Task details ->
Write out every line exactly, from the start of the records below to the line with "光伏展会的展位面积是企业实力", and stop there. Don't write out the pictures.

───── Information supplied ─────

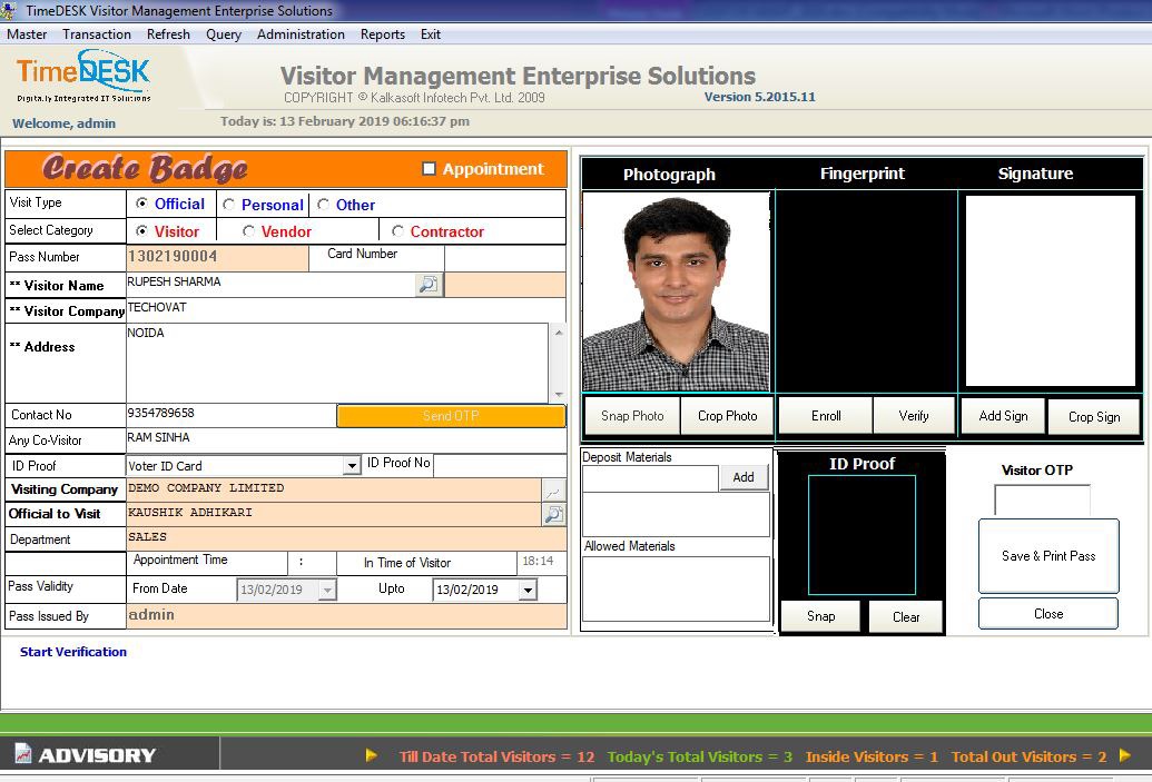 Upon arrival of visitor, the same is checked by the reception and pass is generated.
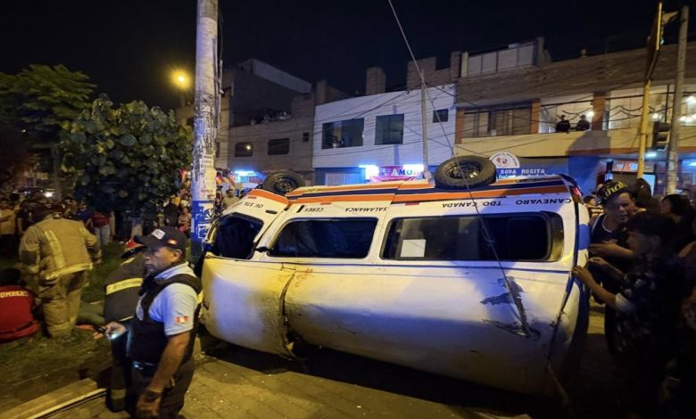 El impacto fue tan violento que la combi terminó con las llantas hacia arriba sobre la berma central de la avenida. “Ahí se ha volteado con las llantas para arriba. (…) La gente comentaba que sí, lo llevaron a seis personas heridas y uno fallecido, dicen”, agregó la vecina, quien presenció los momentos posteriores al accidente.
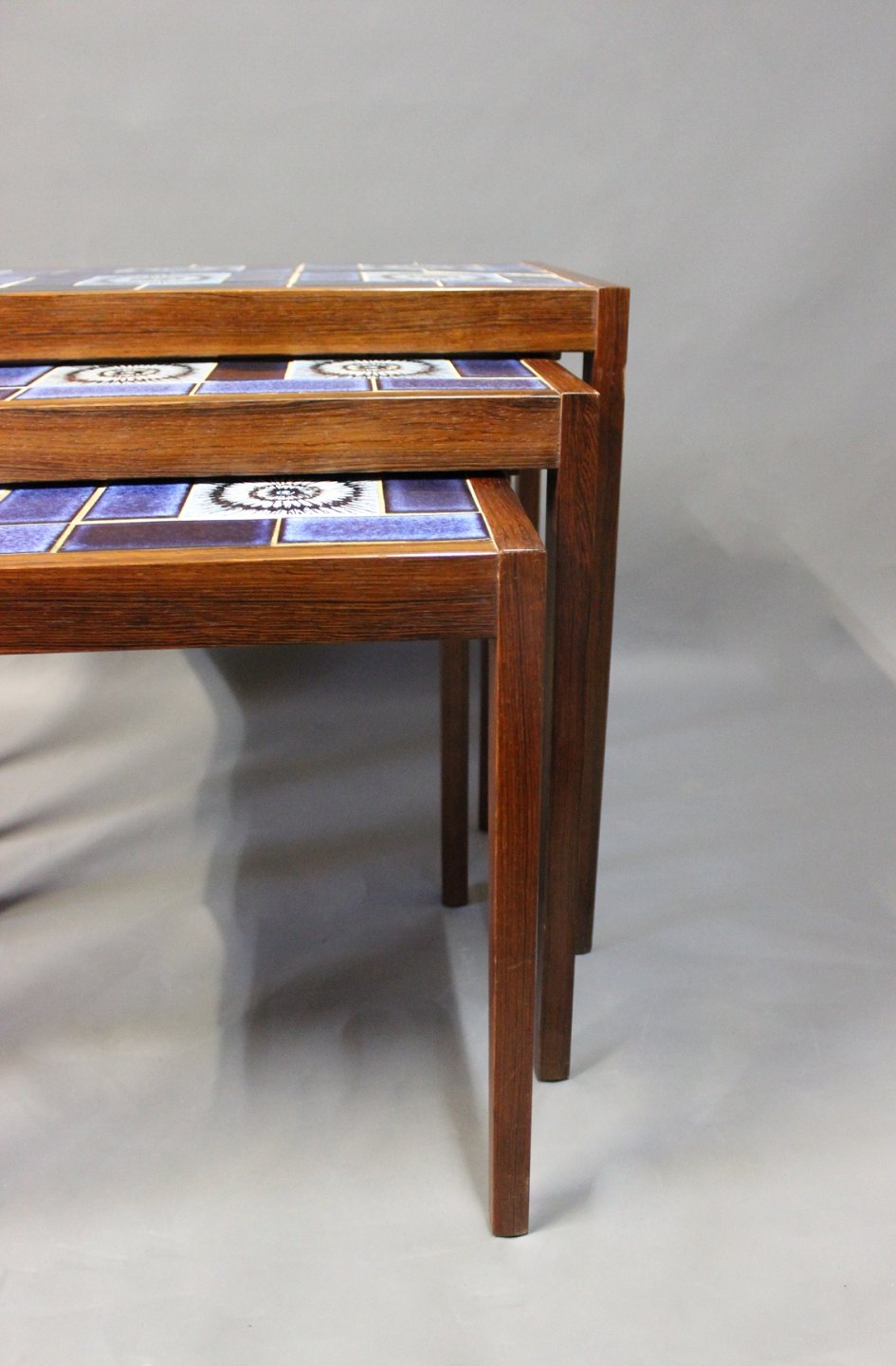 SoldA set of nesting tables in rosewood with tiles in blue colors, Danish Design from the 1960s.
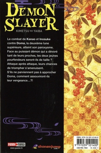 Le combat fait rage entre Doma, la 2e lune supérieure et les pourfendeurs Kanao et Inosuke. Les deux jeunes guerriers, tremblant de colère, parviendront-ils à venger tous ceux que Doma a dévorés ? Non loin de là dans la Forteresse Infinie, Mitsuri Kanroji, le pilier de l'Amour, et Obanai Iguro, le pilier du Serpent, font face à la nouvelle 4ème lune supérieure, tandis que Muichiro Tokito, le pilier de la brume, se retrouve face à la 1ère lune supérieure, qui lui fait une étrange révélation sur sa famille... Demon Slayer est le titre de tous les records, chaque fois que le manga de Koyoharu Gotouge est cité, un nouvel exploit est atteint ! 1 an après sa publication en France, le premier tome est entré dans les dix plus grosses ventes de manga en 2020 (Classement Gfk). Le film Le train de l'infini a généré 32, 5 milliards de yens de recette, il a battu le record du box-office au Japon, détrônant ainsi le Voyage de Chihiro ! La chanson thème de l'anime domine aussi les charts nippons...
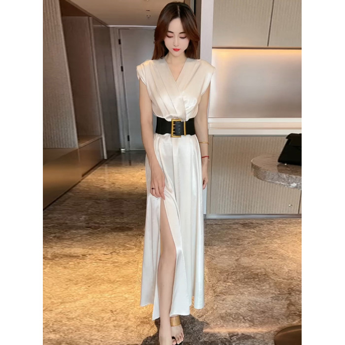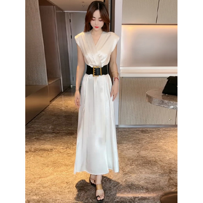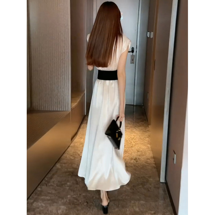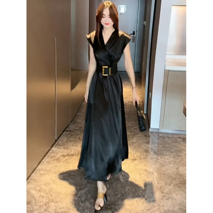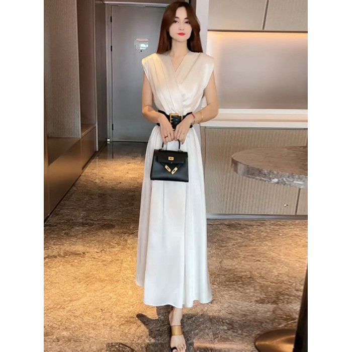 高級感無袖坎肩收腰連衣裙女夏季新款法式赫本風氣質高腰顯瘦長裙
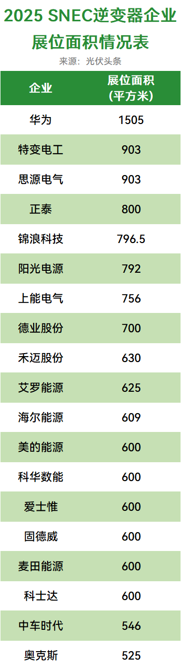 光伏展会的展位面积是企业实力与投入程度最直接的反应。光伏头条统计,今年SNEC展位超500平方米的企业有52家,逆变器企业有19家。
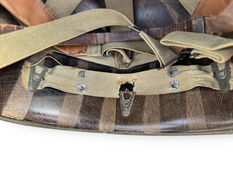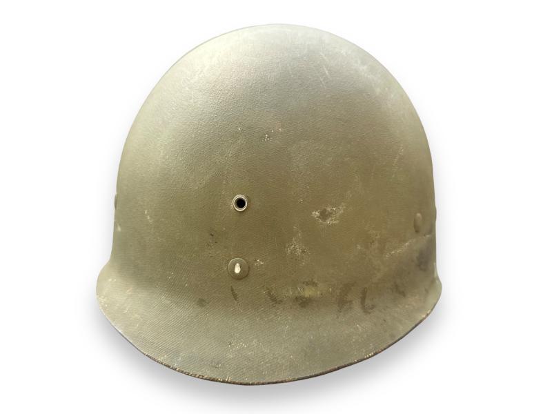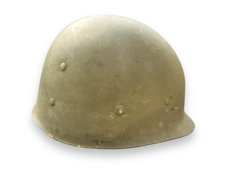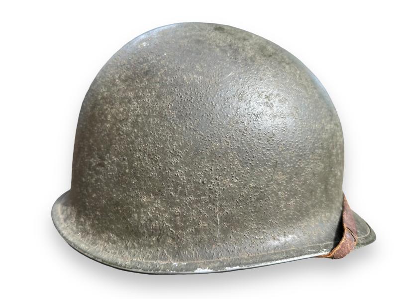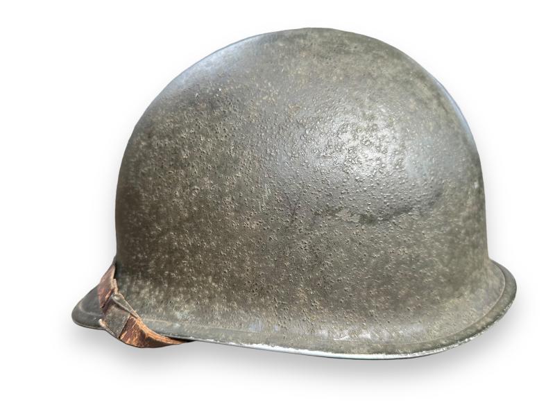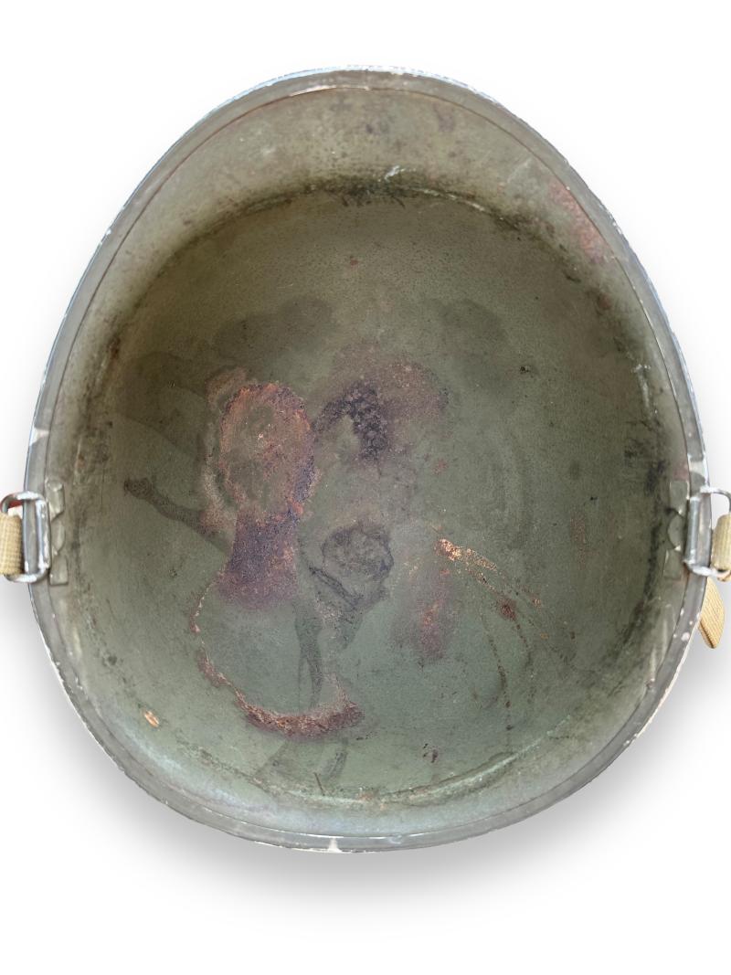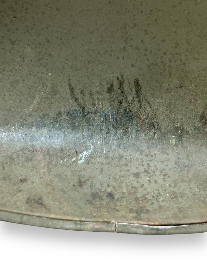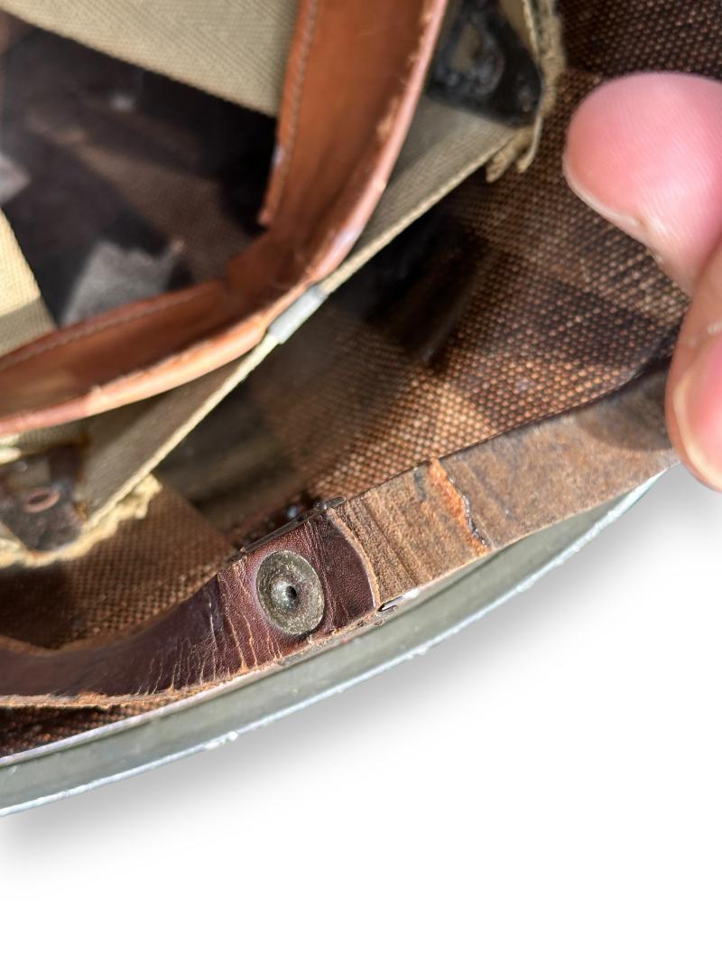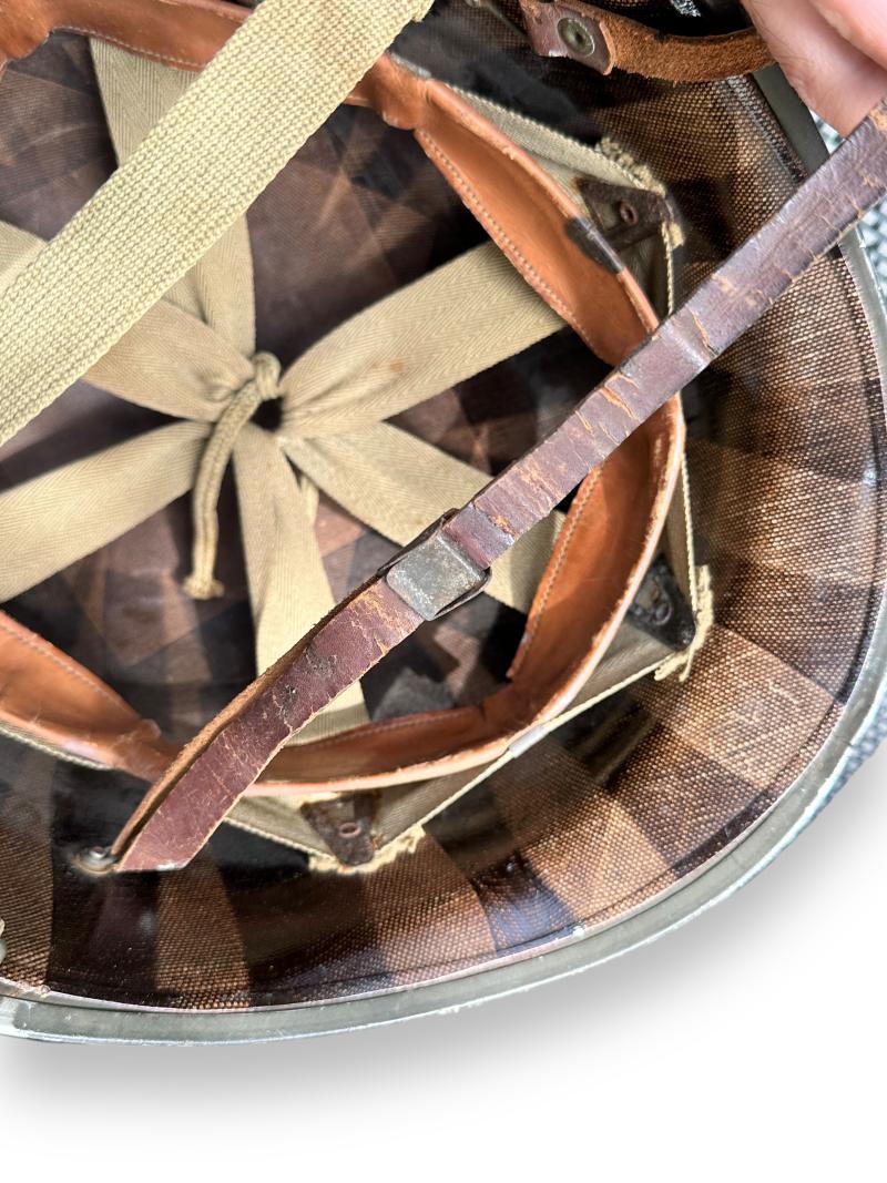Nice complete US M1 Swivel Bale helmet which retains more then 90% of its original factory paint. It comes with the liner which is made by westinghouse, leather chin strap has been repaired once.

─────

Exercise result ->
 Upon arrival of visitor, the same is checked by the reception and pass is generated.
 El impacto fue tan violento que la combi terminó con las llantas hacia arriba sobre la berma central de la avenida. “Ahí se ha volteado con las llantas para arriba. (…) La gente comentaba que sí, lo llevaron a seis personas heridas y uno fallecido, dicen”, agregó la vecina, quien presenció los momentos posteriores al accidente.
 SoldA set of nesting tables in rosewood with tiles in blue colors, Danish Design from the 1960s.
 Le combat fait rage entre Doma, la 2e lune supérieure et les pourfendeurs Kanao et Inosuke. Les deux jeunes guerriers, tremblant de colère, parviendront-ils à venger tous ceux que Doma a dévorés ? Non loin de là dans la Forteresse Infinie, Mitsuri Kanroji, le pilier de l'Amour, et Obanai Iguro, le pilier du Serpent, font face à la nouvelle 4ème lune supérieure, tandis que Muichiro Tokito, le pilier de la brume, se retrouve face à la 1ère lune supérieure, qui lui fait une étrange révélation sur sa famille... Demon Slayer est le titre de tous les records, chaque fois que le manga de Koyoharu Gotouge est cité, un nouvel exploit est atteint ! 1 an après sa publication en France, le premier tome est entré dans les dix plus grosses ventes de manga en 2020 (Classement Gfk). Le film Le train de l'infini a généré 32, 5 milliards de yens de recette, il a battu le record du box-office au Japon, détrônant ainsi le Voyage de Chihiro ! La chanson thème de l'anime domine aussi les charts nippons...
 高級感無袖坎肩收腰連衣裙女夏季新款法式赫本風氣質高腰顯瘦長裙
 光伏展会的展位面积是企业实力与投入程度最直接的反应。光伏头条统计,今年SNEC展位超500平方米的企业有52家,逆变器企业有19家。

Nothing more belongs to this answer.